Records for processing
○ ○ ○ ○ ○ ○ ○

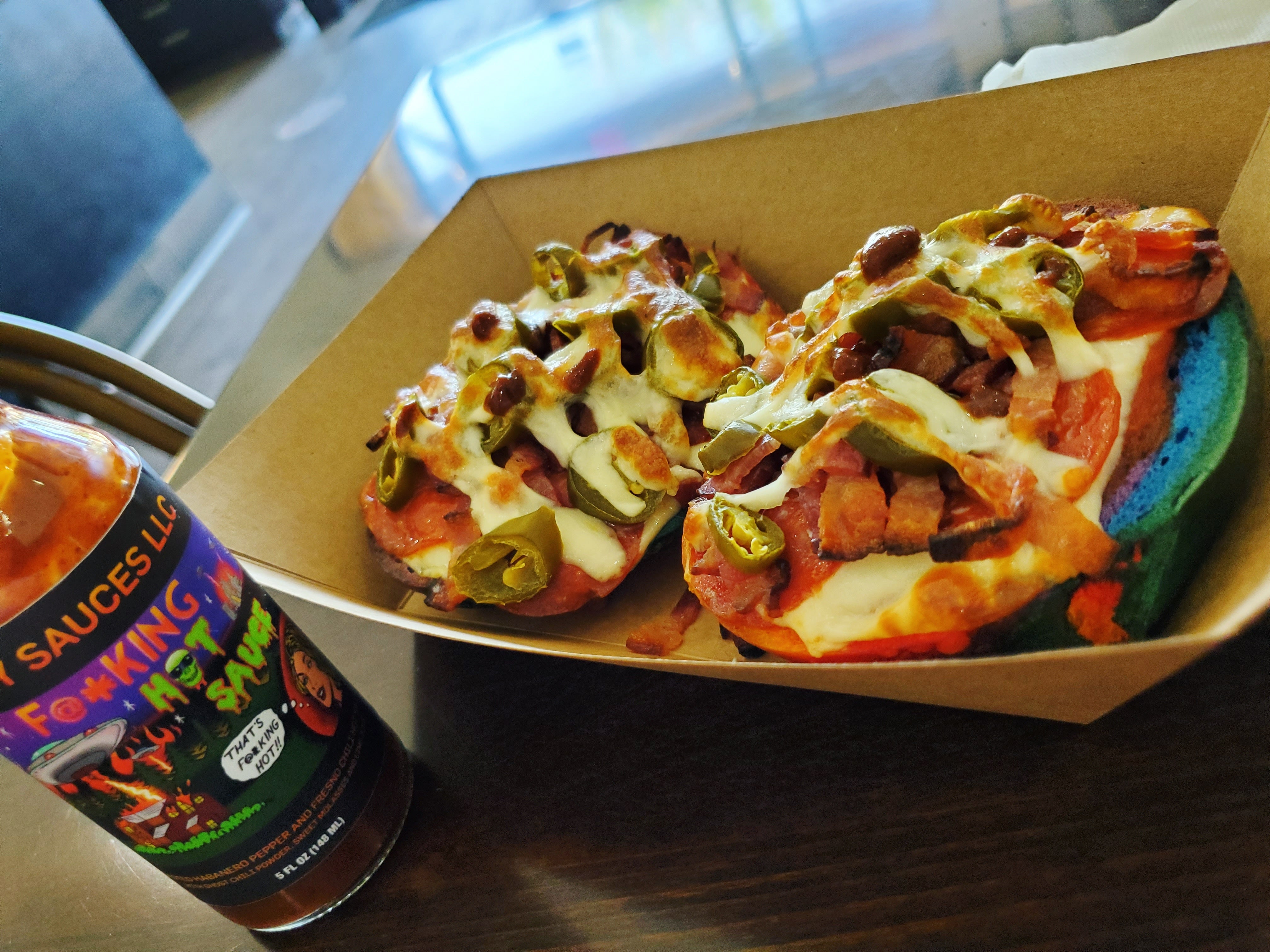 Pepperoni bagel pizza with bacon, peppers and hotsauce
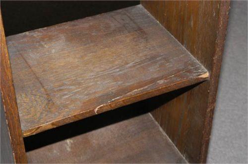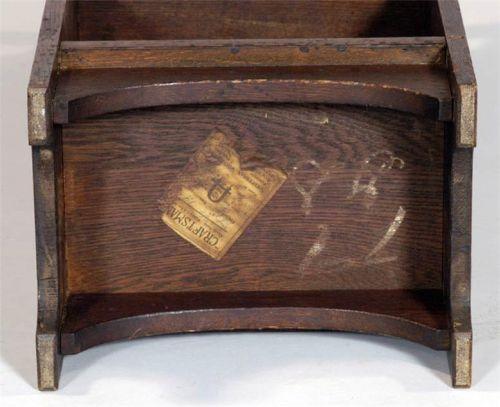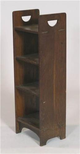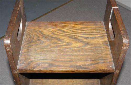 GUSTAV STICKLEY OAK MAGAZINE STAND original finish with label underneath, 40" high, ca. 1910, CONDITION: excellent original finish, second shelf has a sliver shaped piece 8" long by 1" that was broken off and neatly glued back at back of shelf. Light ring on top shelf.
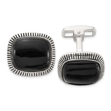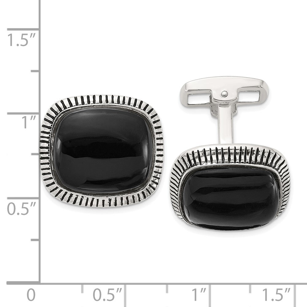 Specifications: Material: Primary - Purity:925|Finish:Polished|Stone Type_1:Onyx|Stone Color_1:Black|Stone Quantity_1:2|Length of Item:15.9 mm|Material: Accents:Enamel|Material: Accent Color 1:Black|Material: Primary:Sterling Silver|Width of Item:17.4 mm|Accessory Type:Cuff Links|Engravable:Not Recommended|Product Type:Accessory|Sold By Unit:Pair|Gender:Men's|Texture:Textured|Material: Primary - Color:White|Stone Creation Method_1:Natural
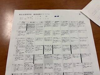 前期末考査初日10月6日(月)の午後、視聴覚階段教室にて本校共生推進教室に係る教職員研修を実施しました。テーマは「マトリクスの活用(評価と目標設定)」。各教職員が共生生徒一人ひとりの指導目標を知り、その目標に向けて様々な場面で指導・支援を実践することが目的です。本研修では、本年度当初に設定した指導目標及びマトリクス(=16あるカテゴリー毎の指導目標を段階別に示した表)の段階を確認し前期の評価を行うとともに、その評価をもとに後期の目標を設定します。
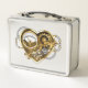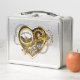 Mechanisches, volumetrisches, steampunktes Herz mit Druckmesser, Stahl- und Goldgetrieben auf weißem Hintergrund. Steampunkstil.
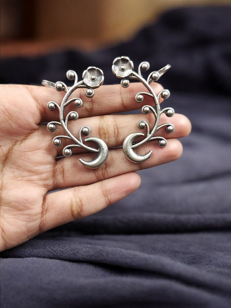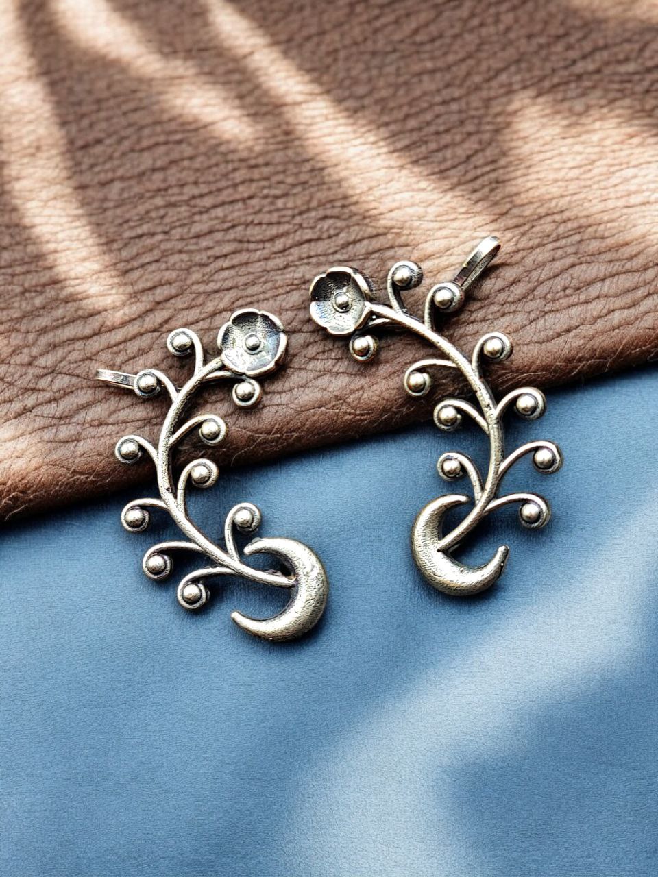The half moon design holds cultural significance and represents grace, balance, and feminine energy. Its curved silhouette creates a striking yet refined look that enhances the natural shape of the ear. The silver replica finish gives it the rich appearance of real silver, making it a versatile piece for everyday ethnic styling.
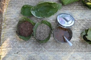 We left the place at about 7:00 am for the place named UDNI  Panchayet Bhawan where our breakfast was arranged. We reached the place between  8:30 to 9:00 am and our breakfast was prepared by the Gram Shava members. Breakfast was simple, yet local form of Idli and plain dosha made of finger millet and local rice. I also interacted with some local primary students who were going for picnic and could feel their vibrating energy for group activities. Prof. Gupta felicitated one teacher from ASUR (a primitive tribe) who was engaged in preparing a dictionary of local dialect. While discussion with the members of Gram Sabha, Prof. Gupta set the tone of the discussion for the next seven days to be followed  in our Gram Sabha meetings which were mainly on product diversification; utilization of discarded fruit (Mango, Jack-fruit, Jamun, etc) waste  material  in health and  as an additional source of income; importance of schooling and how to give additional support to dropouts; health benefits of  local seasonal forest based vegetables; importance of using cast iron utensils for cooking and how it helps in correcting anaemia in women; preserving local artifacts and selling as gift material; preparation of pesticides with the locally available poisonous plants,   etc.  The same issues would be  dealt in all the seven villages also and the knowledge would be spread among the villagers.
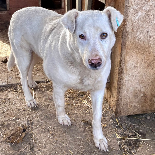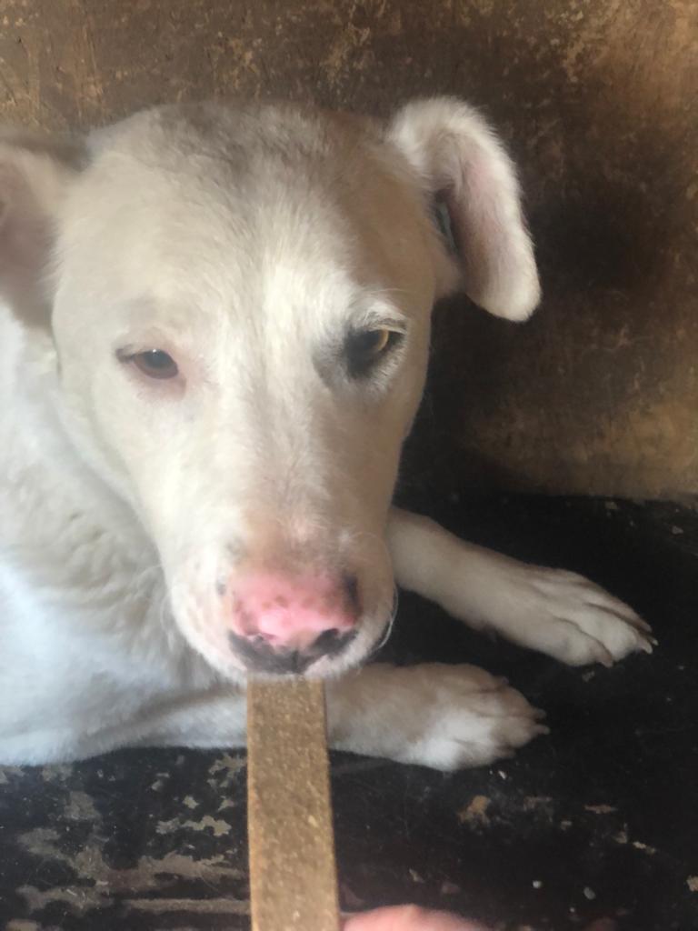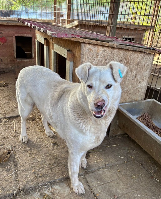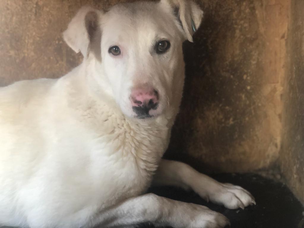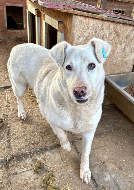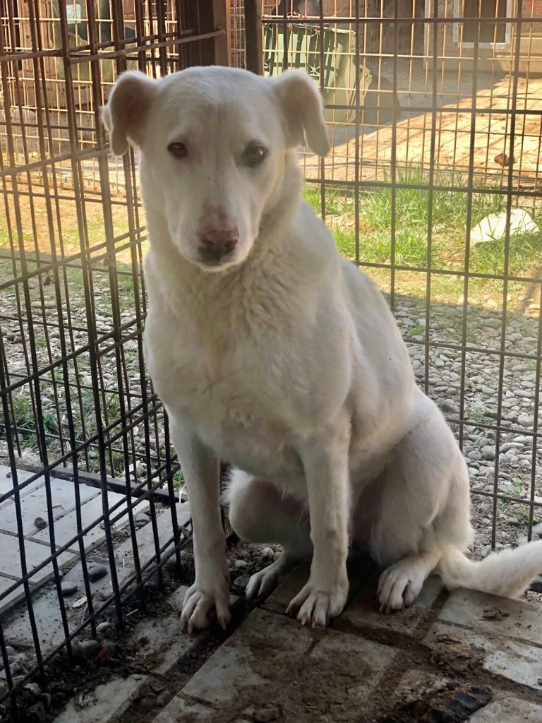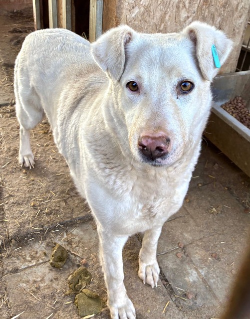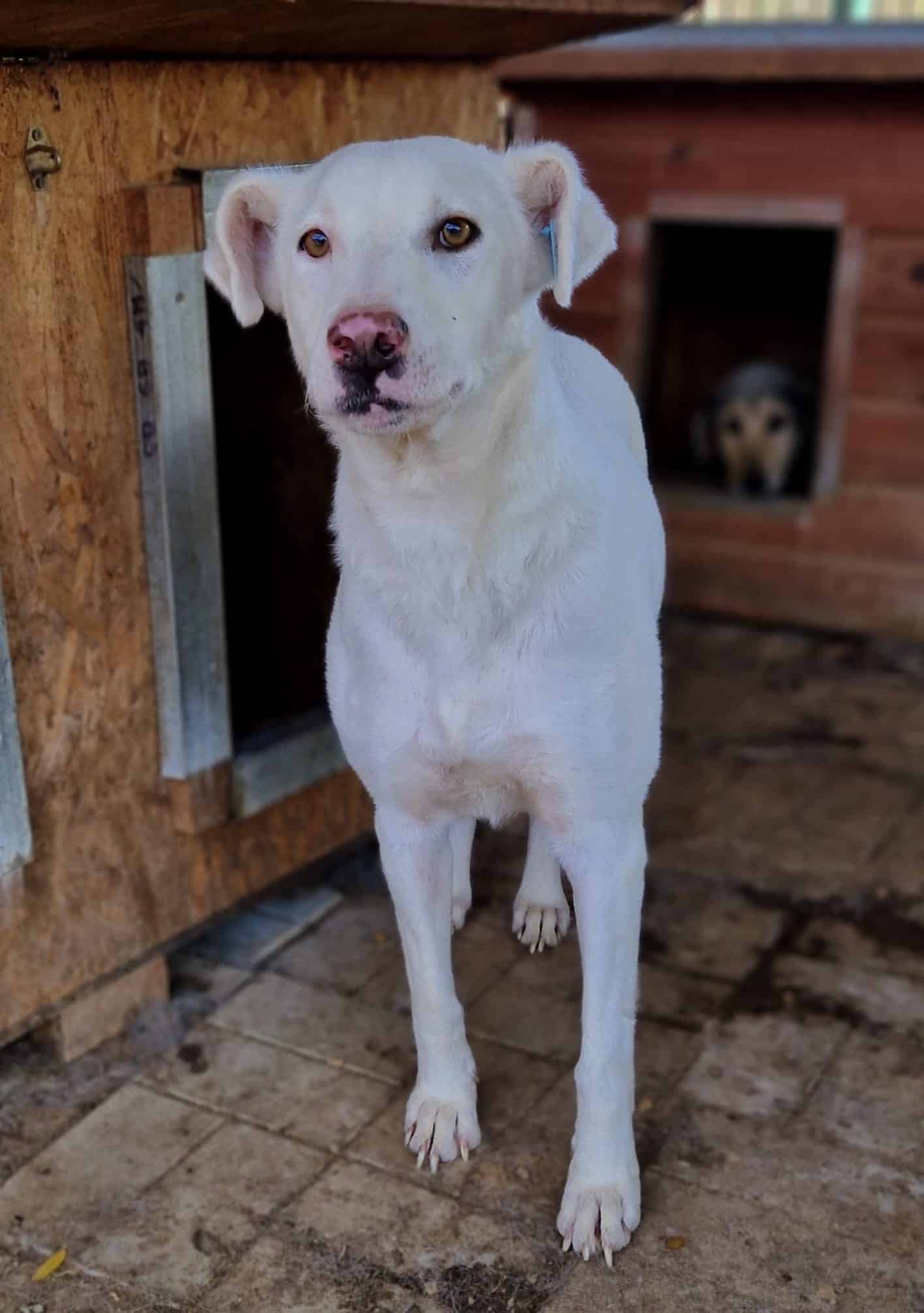 Die wunderhübsche LELO, deren Fell mittlerweile nicht mehr so strahlend weiß ist, hofft seit fast 4 unvorstellbar langen Jahren im riesigen Shelter auf ihre Chance. Sie war auch bei diesem Besuch die Mutigste in ihrem Kennel. Neugierig beobachtete sie uns zunächst, doch als wir auf sie zu gingen, suchte sie Schutz in der sicheren Hütte. Dort nahm LELO vorsichtig die mitgebrachten Leckerlie und ließ sich behutsam berühren. Diese intensive Nähe kennt sie einfach nicht, weshalb diese ungewohnt für sie ist. Nach Möglichkeit weicht LELO aus, doch wir sind uns sicher, dass sie in einer stressfreien Umgebung bei sehr erfahrenen und einfühlsamen Menschen weiter Fortschritte machen wird. Ihre grundlegend neugierige Art sowie ihre Vorliebe für Leckereien werden ihr dabei helfen, Stück für Stück Vertrauen zu fassen. Von einem netten Ersthund würde sie sicher profitieren. Wir wünschen LELO diese große Chance nach all der verlorenen Zeit sehr.

○ ○ ○ ○ ○ ○ ○

Task to complete
Set down every entry above without alteration, but print no images.

Solution to this task
 Pepperoni bagel pizza with bacon, peppers and hotsauce
 GUSTAV STICKLEY OAK MAGAZINE STAND original finish with label underneath, 40" high, ca. 1910, CONDITION: excellent original finish, second shelf has a sliver shaped piece 8" long by 1" that was broken off and neatly glued back at back of shelf. Light ring on top shelf.
 Specifications: Material: Primary - Purity:925|Finish:Polished|Stone Type_1:Onyx|Stone Color_1:Black|Stone Quantity_1:2|Length of Item:15.9 mm|Material: Accents:Enamel|Material: Accent Color 1:Black|Material: Primary:Sterling Silver|Width of Item:17.4 mm|Accessory Type:Cuff Links|Engravable:Not Recommended|Product Type:Accessory|Sold By Unit:Pair|Gender:Men's|Texture:Textured|Material: Primary - Color:White|Stone Creation Method_1:Natural
 前期末考査初日10月6日(月)の午後、視聴覚階段教室にて本校共生推進教室に係る教職員研修を実施しました。テーマは「マトリクスの活用(評価と目標設定)」。各教職員が共生生徒一人ひとりの指導目標を知り、その目標に向けて様々な場面で指導・支援を実践することが目的です。本研修では、本年度当初に設定した指導目標及びマトリクス(=16あるカテゴリー毎の指導目標を段階別に示した表)の段階を確認し前期の評価を行うとともに、その評価をもとに後期の目標を設定します。
 Mechanisches, volumetrisches, steampunktes Herz mit Druckmesser, Stahl- und Goldgetrieben auf weißem Hintergrund. Steampunkstil.
The half moon design holds cultural significance and represents grace, balance, and feminine energy. Its curved silhouette creates a striking yet refined look that enhances the natural shape of the ear. The silver replica finish gives it the rich appearance of real silver, making it a versatile piece for everyday ethnic styling.
 We left the place at about 7:00 am for the place named UDNI  Panchayet Bhawan where our breakfast was arranged. We reached the place between  8:30 to 9:00 am and our breakfast was prepared by the Gram Shava members. Breakfast was simple, yet local form of Idli and plain dosha made of finger millet and local rice. I also interacted with some local primary students who were going for picnic and could feel their vibrating energy for group activities. Prof. Gupta felicitated one teacher from ASUR (a primitive tribe) who was engaged in preparing a dictionary of local dialect. While discussion with the members of Gram Sabha, Prof. Gupta set the tone of the discussion for the next seven days to be followed  in our Gram Sabha meetings which were mainly on product diversification; utilization of discarded fruit (Mango, Jack-fruit, Jamun, etc) waste  material  in health and  as an additional source of income; importance of schooling and how to give additional support to dropouts; health benefits of  local seasonal forest based vegetables; importance of using cast iron utensils for cooking and how it helps in correcting anaemia in women; preserving local artifacts and selling as gift material; preparation of pesticides with the locally available poisonous plants,   etc.  The same issues would be  dealt in all the seven villages also and the knowledge would be spread among the villagers.
 Die wunderhübsche LELO, deren Fell mittlerweile nicht mehr so strahlend weiß ist, hofft seit fast 4 unvorstellbar langen Jahren im riesigen Shelter auf ihre Chance. Sie war auch bei diesem Besuch die Mutigste in ihrem Kennel. Neugierig beobachtete sie uns zunächst, doch als wir auf sie zu gingen, suchte sie Schutz in der sicheren Hütte. Dort nahm LELO vorsichtig die mitgebrachten Leckerlie und ließ sich behutsam berühren. Diese intensive Nähe kennt sie einfach nicht, weshalb diese ungewohnt für sie ist. Nach Möglichkeit weicht LELO aus, doch wir sind uns sicher, dass sie in einer stressfreien Umgebung bei sehr erfahrenen und einfühlsamen Menschen weiter Fortschritte machen wird. Ihre grundlegend neugierige Art sowie ihre Vorliebe für Leckereien werden ihr dabei helfen, Stück für Stück Vertrauen zu fassen. Von einem netten Ersthund würde sie sicher profitieren. Wir wünschen LELO diese große Chance nach all der verlorenen Zeit sehr.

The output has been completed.